Eslováquia, o arsenal clandestino da Europa

Gustavo Monge.

Praga, 12 set (EFE).- Um vazio legal, a falta de controles e a busca por benefícios econômicos fizeram da Eslováquia um dos principais fornecedores do mercado negro de armas, ao qual recorrem desde terroristas islamitas até a máfia italiana.

A pistola Glock 17 usada em julho para balear 10 pessoas em Munique e o fuzil AK 47 que um terrorista usou para tentar cometer um atentado em 2015 no trem que fazia a rota Amsterdã-Paris são algumas das armas de origem eslovaca que um dia foram vendidas legalmente após ficarem, em teoria, inutilizadas.

Uma recente investigação da rede jornalística Colaborações de Investigação na Europa (EIC) afirma que algumas armas usadas nos atentados de Paris de janeiro de 2015 também foram adquiridas legalmente no país centro-europeu.

Até o ano passado, a legislação eslovaca permitia que antigas armas, muitas provenientes de extintos arsenais do exército tcheco, pudessem ser vendidas legalmente após terem sido inutilizadas para que não pudessem disparar munição real.

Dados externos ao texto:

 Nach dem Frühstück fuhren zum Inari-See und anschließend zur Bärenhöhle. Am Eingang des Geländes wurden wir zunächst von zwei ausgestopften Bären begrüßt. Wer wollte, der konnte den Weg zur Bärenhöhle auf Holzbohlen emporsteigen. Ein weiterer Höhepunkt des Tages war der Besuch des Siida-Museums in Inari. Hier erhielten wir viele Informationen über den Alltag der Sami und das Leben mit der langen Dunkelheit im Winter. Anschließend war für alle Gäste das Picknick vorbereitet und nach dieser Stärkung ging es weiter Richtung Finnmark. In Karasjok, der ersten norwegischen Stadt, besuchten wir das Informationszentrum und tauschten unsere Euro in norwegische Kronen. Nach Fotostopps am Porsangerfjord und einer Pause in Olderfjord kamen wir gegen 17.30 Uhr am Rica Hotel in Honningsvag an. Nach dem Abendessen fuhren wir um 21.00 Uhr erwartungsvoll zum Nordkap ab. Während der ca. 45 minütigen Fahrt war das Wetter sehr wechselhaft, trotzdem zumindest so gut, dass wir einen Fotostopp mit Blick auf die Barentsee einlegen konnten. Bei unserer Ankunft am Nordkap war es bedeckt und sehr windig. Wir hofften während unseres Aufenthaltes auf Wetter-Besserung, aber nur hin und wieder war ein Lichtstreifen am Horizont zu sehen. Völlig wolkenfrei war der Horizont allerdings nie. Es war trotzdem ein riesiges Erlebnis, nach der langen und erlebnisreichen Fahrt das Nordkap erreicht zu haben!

Em muitos casos, a técnica utilizada era manipular o canhão, algo fácil e econômico de reverter para que a arma volte a ser perfeitamente operacional e letal.

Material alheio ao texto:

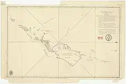 The original survey of the Persian coast is contained in two sheets, that including the south-eastern part of the coast, from the entrance of the Gulf, for a distance of 300 miles (483 km), being on a smaller scale than the other.[4] The other sheet contains the rest of the coast, with the principal channel of the Shatt-ul-Arab as far up as Bussorah, distant about 30 leagues (145 km) from the sea; this place, being at that time the chief seat of commerce and communication between India and the Turkish dominions, besides possessing an establishment of the East India Company, was much frequented by their ships.[4]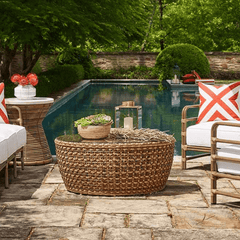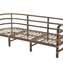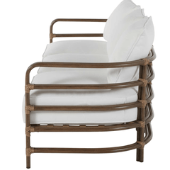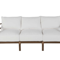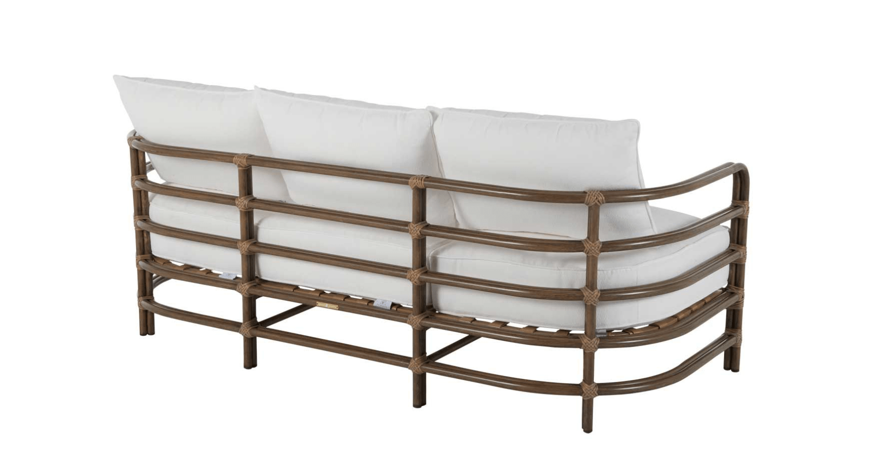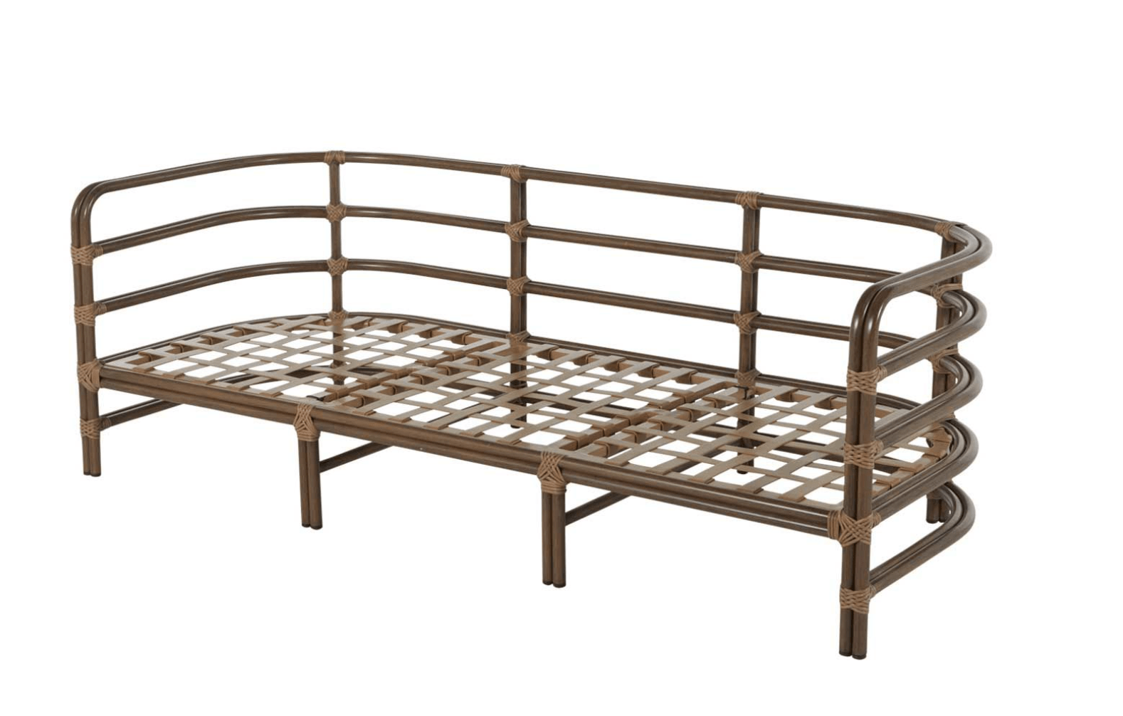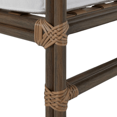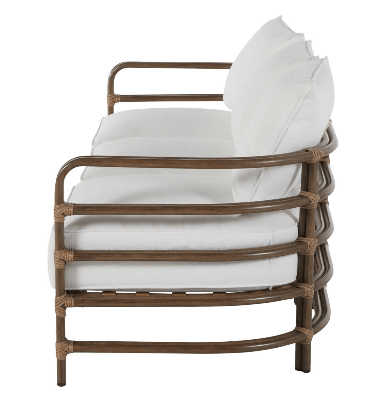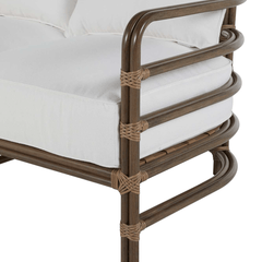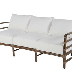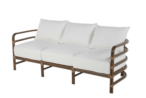 Inspired by the vintage look of natural rattan, the Monaco Outdoor Collection mixes materials for a modern, minimalist take on outdoor furniture. The Monaco Sofa is crafted with premium wrought aluminum paired with N-dura™ resin wrapping, which creates a dramatic interplay between the oak and burlap finishes. Vintage meets modern technology to ensure longevity and beauty with little to no maintenance.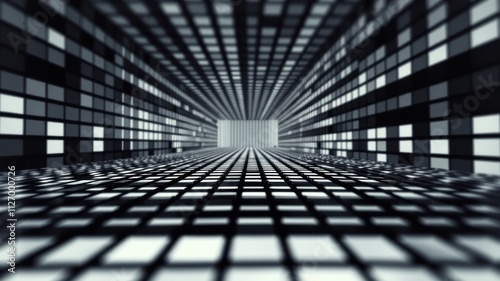 The watermark will not be included on Wall mural.: Abstract digital tunnel of illuminated squares and rectangles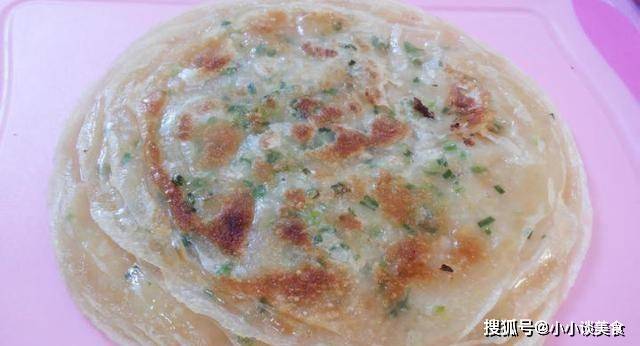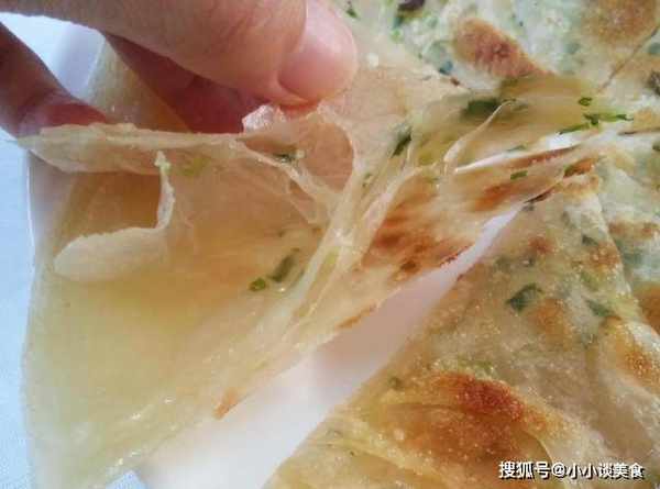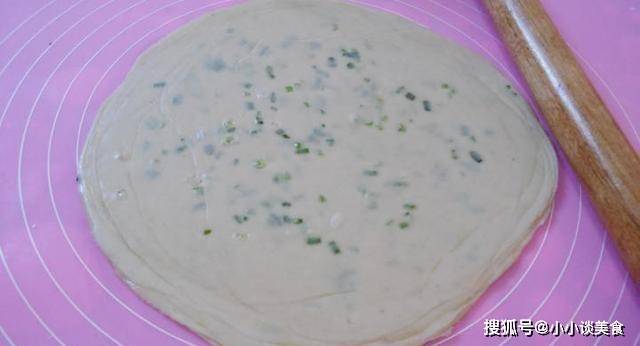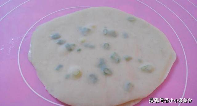 放入搟好的蔥油餅,中火

"Gente do mundo todo está furiosa porque a Eslováquia estava operando uma liquidação online de armas", denunciou recentemente o ativista eslovaco Martin Debeci em declarações ao jornal "The Slovak Spectator".

Segundo este especialista em temas de Defesa, a Eslováquia criou um problema com consequências em nível europeu.

Segundo a investigação da EIC, publicada pela revista alemã "Der Spiegel", desde sua entrada na União Europeia (UE), em 2004, a Eslováquia tinha uma regulação defasada sobre a inutilização de armas de fogo para transformá-las em armas de festim.

A gravidade era tal que a polícia eslovaca advertiu à UE em setembro de 2013 sobre a facilidade com que as armas podiam ser compradas - sem obrigação de serem registradas - e reativadas.

No entanto, o alerta eslovaco se perdeu na burocracia comunitária e nada foi feito para controlar a venda e uso dessas armas desativadas.

A advertência eslovaca citava como exemplo o rifle automático Ceska vz.58, a arma padrão usada pela Tchecoslováquia.

Duas dessas armas foram usadas pelo terrorista Amedy Coulibaly para matar quatro pessoas em um supermercado judaico em Paris em janeiro de 2015, dois dias depois do massacre na redação da revista de humor "Charlie Hebdo".

Esses rifles, fabricados na década de 1960, tinham sido inutilizados como arma de fogo pela empresa eslovaca Kol Arms.

O terrorista islamita os adquiriu depois em uma loja situada na cidade de Partizánske, ao nordeste de Bratislava.

Segundo estimativas das autoridades alemãs, esta mesma loja eslovaca vendeu cerca de 14.000 dessas armas inutilizadas, principalmente pela internet.

Os recentes atentados em vários países europeus forçaram o governo eslovaco a aprovar uma nova legislação, em vigor desde o último dia 1º de janeiro.

Agora são exigidos métodos mais complexos e caros de reverter para inutilizar as armas e que os compradores as adquiram de forma registrada e pessoalmente, acabando assim com a venda online.

A nova legislação obriga também que se evidencie toda a vida da arma até sua liquidação e o trâmite para sua inutilização, algo que deve estar confirmado por um escritório estatal eslovaco.

Outra parte do problema está nos possíveis desvios ao mercado negro de armas vendidas legalmente pelo exército eslovaco, no programa de liquidação de arsenais obsoletos.

Debeci citou como exemplo a venda à Arábia Saudita de 40.000 fuzis de assalto tchecoslovacos.

Levando em conta que o país árabe tem um dos exércitos mais modernos da região, é duvidoso que vá ficar com esses equipamentos, alertou o especialista.

Segundo Debeci, essas armas poderiam cair em mãos de grupos radicais como o jihadista Estado Islâmico (EI).

O governo eslovaco respondeu de forma pragmática às críticas sobre essas operações.

"As armas são um produto comercial normal. Se as empresas eslovacas não as vendem, outros farão isso", chegou a declarar o primeiro-ministro eslovaco, Robert Fico.

Fico foi um dos líderes europeus que mais insistiu em que a chegada de refugiados fazia aumentar o risco de atentados terroristas na Europa.

Por sua parte, a associação de proprietários de armas Legis Telum assegura que é exagerado assinalar a Eslováquia como um "arsenal de terroristas" e adverte para outro perigo.

Ludovit Miklanek, vice-presidente desta associação, garantiu em declarações à Efe que o verdadeiro problema para a Eslováquia é o transporte de armas à Ucrânia.